To coordinate cell division across a tissue, cells must be able to “read” their external cellular environment and orient their division accordingly. The mechanisms that control this remain unclear, but we know that cues from the extracellular matrix play a vital role. These cues must be fed to a cellular structure called the mitotic spindle, the positioning of which determines cell division orientation. Understanding the mechanisms used by the cell to correctly position the spindle is a key focus of our lab. In particular, we are investigating how molecular forces are balanced inside the cell to position the mitotic spindle and how these internal mechanisms are linked to the external cellular environment in order to coordinate spindle orientation across a tissue.
CRUK MI Group Leader in Immuno-Oncology
Dr Zelenay obtained his undergraduate degree in biology from the University of Buenos Aires in 2002. As a student he worked on DNA vaccines in the laboratory of Juan Fló. He then undertook his Ph.D. in Immunology at the Institute Gulbenkian of Science in Portugal where he studied regulatory T cells, working with Jocelyne Demengeot and Antonio Coutinho. In 2008, he joined the group of Caetano Reis e Sousa at the Cancer Research UK (CRUK) London Research Institute and later at The Francis Crick Institute, where he was awarded Marie Curie and EMBO fellowships to investigate innate immune receptors and signaling pathways that trigger dendritic cell activation and drive T cell responses against viruses or tumours. In 2015, Dr. Zelenay joined the CRUK Manchester Institute as a Junior Group Leader to form the Cancer Inflammation and Immunity Group. His group focuses on understanding the underlying mechanisms that mediate cancer-inhibitory versus tumour-promoting inflammation in order to design new therapies for cancer patients. In 2017, he received the CRUK Future Leaders in Cancer Research Prize.
Advanced Specialist Breast Cancer Pharmacist
Suzanne has been working as an advanced specialist breast cancer pharmacist at The Christie since 2008. She works in an outpatient clinic setting alongside medical oncology consultants reviewing patients and prescribing systemic anticancer treatment patients with early and secondary breast cancer.
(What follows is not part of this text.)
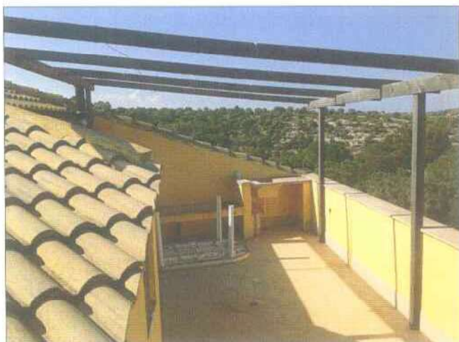
Foto 1 terrazza piano mansarda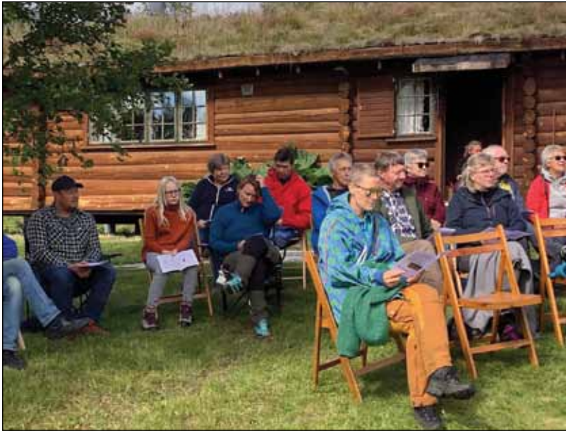
Framfor seterhuset: Utsnitt av forsamlinga som deltok på sjølve messa.

godt vær skapte ei fin ramme for dagen. Produsentlaget hadde òg ordna med god seterkost.

She is a member of the Greater Manchester Cancer breast pathway board and is passionate about improving patient pathways and access to breast cancer treatment across the region. Her research interests include assimilating real world evidence on the efficacy and tolerability of systemic anticancer treatments and analysis of treatment pathways and patient experience to inform future service development.